Their policies differ in Scotland and Wales where the issues are devolved, but in England they want to increase the Ofsted inspection of “outstanding schools”.

In 2017, the Conservatives promised to build 100 free schools a year and support teachers by giving forgiveness to student loan debts and continuing the bursaries for graduates.

Green Party on education

The Green Party have a left-wing stance on this issue that promises to focus on free education.

They’ve pledged to scrap university tuition fees as well as writing off all student debt.

They want to restore local authority control to education, banning Ofsted and making diversity and equality education mandatory.

Sex and relationship education is also promised to become mandatory and local adult education programmes will be restored.

In their 2017 manifesto, they pledged to increase funding to schools so real-term spending per pupil is protected.

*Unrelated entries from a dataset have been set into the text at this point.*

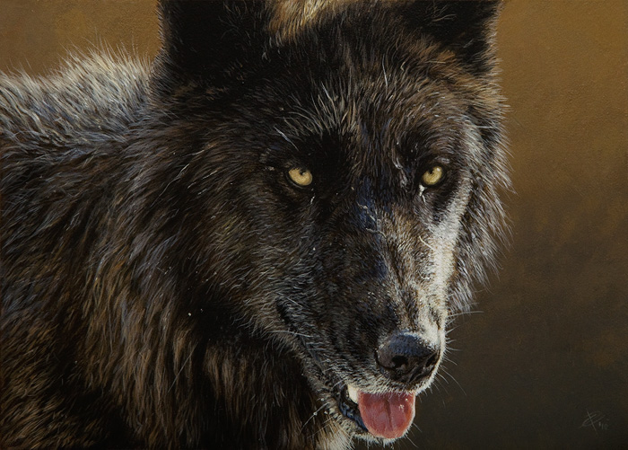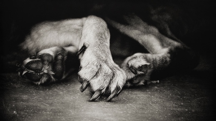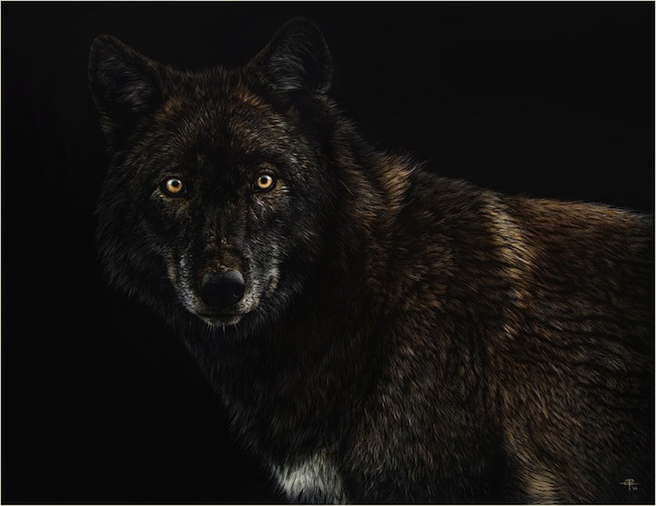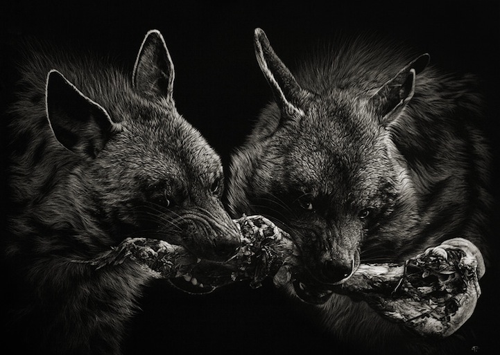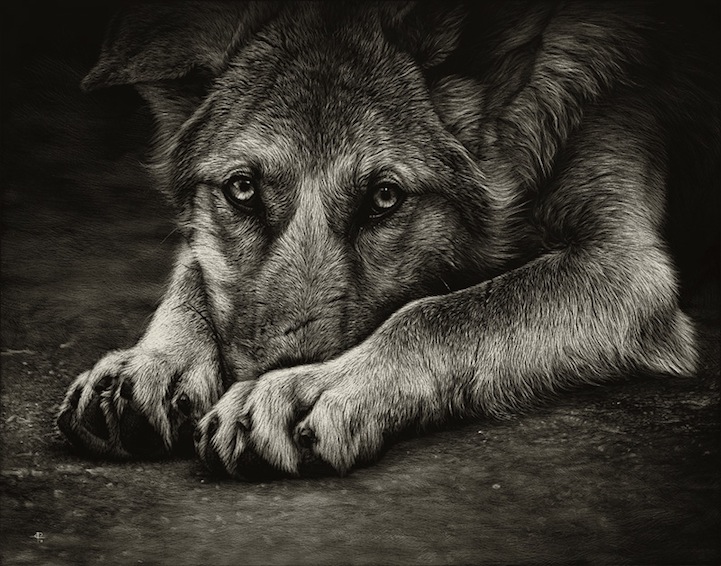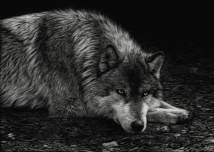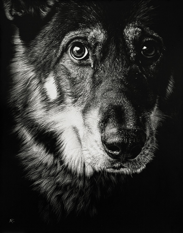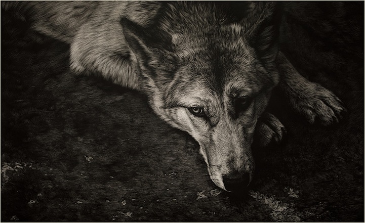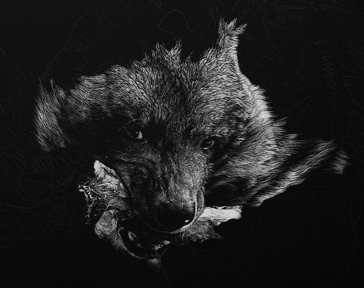“I work primarily in acrylics and scratchboard, alternating between the two as needed to realize my visions. Scratchboard is a little known medium made up of a 1/8″ masonite panel that is covered with smooth white clay and coated with a fine layer of india ink. I use a sharp knife to scratch every single detail and hair by hand. A single scratchboard piece can be made up of tens of thousands of tiny scratches layered atop one another. Additionally, I airbrush thin coats of india ink back onto my boards before beginning the scratching phase all over again for a second time. This allows me to achieve additional tones that are not otherwise possible.”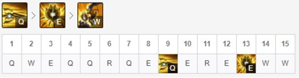 主Q副E,Q技能兼具推线爆发于一体,E技能格挡伤害的同时还能够加入连招叠被动。如果对线的是维克托、佐伊等长手法师1级点W,贴脸A出强攻。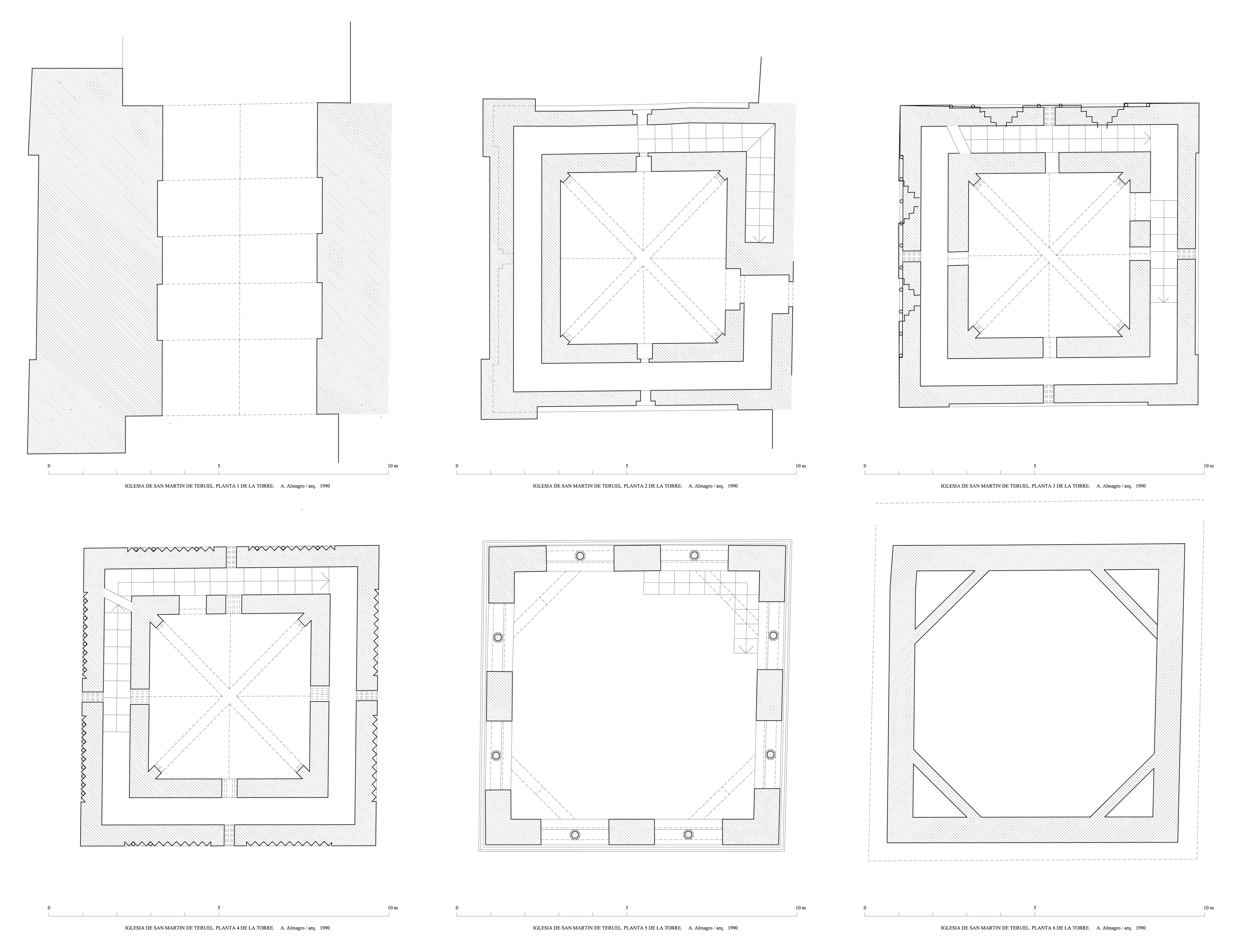 Plantas de la torre de la iglesia de San Martín de Teruel

They’re also in favour of academies, scrapping SATs all together and ensuring that every child with Special Educational Needs or Disability has access to a mainstream education, in accordance with the UN Convention for Persons with Disabilities.

Labour on education

Labour plan to create a National Education Service in England, providing all children and adults free education for life, which would see university tuition fees abolished and maintenance grants reintroduced.

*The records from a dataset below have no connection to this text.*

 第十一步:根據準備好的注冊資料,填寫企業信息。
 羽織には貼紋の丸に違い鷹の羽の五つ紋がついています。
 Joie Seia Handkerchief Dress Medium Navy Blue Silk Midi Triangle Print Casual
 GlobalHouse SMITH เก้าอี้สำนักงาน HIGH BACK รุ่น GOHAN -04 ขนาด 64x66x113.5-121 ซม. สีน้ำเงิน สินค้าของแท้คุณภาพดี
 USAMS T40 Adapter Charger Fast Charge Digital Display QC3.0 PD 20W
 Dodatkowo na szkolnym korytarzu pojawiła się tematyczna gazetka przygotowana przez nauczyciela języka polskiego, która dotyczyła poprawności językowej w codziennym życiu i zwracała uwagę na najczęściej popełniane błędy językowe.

They have proposed free school meals to all primary school children and having class sizes reduced to 30 for all five, six and seven-year-olds.

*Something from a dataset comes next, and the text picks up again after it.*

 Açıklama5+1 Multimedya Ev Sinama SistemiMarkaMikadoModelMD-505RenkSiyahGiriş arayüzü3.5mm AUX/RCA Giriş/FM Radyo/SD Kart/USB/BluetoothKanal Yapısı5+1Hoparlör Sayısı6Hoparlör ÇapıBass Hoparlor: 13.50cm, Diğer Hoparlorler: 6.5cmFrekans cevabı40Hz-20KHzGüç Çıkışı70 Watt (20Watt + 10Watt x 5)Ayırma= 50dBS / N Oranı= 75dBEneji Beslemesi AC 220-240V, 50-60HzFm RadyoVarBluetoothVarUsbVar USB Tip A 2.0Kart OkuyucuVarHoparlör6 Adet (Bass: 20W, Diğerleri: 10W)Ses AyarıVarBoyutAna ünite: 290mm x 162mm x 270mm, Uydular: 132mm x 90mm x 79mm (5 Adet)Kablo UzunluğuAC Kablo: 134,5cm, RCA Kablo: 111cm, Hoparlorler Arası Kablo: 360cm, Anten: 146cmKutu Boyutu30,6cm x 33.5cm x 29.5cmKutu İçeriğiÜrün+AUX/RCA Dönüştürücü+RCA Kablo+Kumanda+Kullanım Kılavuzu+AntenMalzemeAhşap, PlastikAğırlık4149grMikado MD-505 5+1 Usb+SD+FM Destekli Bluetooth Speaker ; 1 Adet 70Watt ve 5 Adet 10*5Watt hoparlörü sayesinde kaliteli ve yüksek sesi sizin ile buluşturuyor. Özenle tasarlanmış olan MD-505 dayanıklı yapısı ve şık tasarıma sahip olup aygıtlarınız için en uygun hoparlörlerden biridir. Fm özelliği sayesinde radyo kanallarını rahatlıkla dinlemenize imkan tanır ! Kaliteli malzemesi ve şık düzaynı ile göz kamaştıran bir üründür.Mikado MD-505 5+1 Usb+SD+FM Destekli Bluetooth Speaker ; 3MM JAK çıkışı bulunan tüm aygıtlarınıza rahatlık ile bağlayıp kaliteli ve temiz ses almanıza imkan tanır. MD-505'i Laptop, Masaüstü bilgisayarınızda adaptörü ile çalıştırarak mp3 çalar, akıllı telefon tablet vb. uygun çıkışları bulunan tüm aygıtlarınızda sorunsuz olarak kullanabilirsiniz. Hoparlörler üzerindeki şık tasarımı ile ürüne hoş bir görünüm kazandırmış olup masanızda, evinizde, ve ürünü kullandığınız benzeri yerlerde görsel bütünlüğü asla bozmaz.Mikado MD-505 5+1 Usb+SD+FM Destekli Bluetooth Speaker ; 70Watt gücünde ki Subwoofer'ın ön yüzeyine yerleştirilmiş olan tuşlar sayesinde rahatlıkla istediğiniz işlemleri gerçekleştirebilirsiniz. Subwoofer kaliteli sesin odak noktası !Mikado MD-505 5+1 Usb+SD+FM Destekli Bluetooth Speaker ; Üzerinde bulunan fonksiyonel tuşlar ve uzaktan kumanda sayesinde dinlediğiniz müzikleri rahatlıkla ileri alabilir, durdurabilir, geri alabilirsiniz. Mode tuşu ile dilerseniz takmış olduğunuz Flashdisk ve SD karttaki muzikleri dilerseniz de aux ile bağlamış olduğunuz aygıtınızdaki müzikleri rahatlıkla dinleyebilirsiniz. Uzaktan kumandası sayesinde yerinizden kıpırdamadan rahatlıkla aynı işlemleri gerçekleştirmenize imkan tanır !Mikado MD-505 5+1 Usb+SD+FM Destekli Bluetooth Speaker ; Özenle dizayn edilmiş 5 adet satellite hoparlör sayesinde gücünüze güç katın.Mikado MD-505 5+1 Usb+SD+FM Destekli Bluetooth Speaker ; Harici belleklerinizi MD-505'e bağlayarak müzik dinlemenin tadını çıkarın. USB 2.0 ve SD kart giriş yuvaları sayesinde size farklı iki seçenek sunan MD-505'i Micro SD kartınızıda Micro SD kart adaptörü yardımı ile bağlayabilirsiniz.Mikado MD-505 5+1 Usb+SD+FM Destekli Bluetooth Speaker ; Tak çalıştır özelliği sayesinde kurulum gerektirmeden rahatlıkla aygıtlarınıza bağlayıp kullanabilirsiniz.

Instead of league tables, schools will remain colour-coded to indicate whether they need any support.

Students from Wales to continue to get grants to cover living costs, with loans to cover tuition fees.

In devolved Scotland, Labour plan to divert more funding for children with additional support and they’ve requested more funding for schools to ensure the Pupil Equity Fund – paid to headteachers to help disadvantaged children – is “truly additional”.

They propose to reform the student support system by implementing a minimum student income of about £9,500 a year.

Liberal Democrats on education

The Lib Dems plan to contribute an additional £10 billion annually to education, including the recruitment of 20,000 more teachers.

They also want to include free school meals for all primary school children and children whose families receive universal credit.

A Liberal Democrat government would also provide every adult in the UK with £10,000 to spend on education and training throughout their lives.

This “Skills Wallet” would entitle every person to installments of £4,000 at age 25, and £3,000 at 40 and 55, giving people the opportunity to retrain and upskill.

Another one of their targets is to increase free childcare to 35 hours per week beginning at the age of nine months.

All three-year-olds currently get 15 hours and most working families up to 30 hours. Lower-income parents sometimes get extra help earlier.

The Liberal Democrats plan to fund both initiatives by reversing government cuts to corporate taxes and raising them to 20%.

What does this mean for south west London?

South west London has a diverse spread of public and private schools, and the state sector would of course benefit from any increase in funding.

However, doubts persist regarding whether the Tories’ funding increases would be enough to reverse an education system that has been financially bleeding.

A Labour government could, of course, be cataclysmic for south west London’s long-established fee-paying schools.

If Jeremy Corbyn were to make schools universally free, it is difficult to imagine them functioning in their previous manner.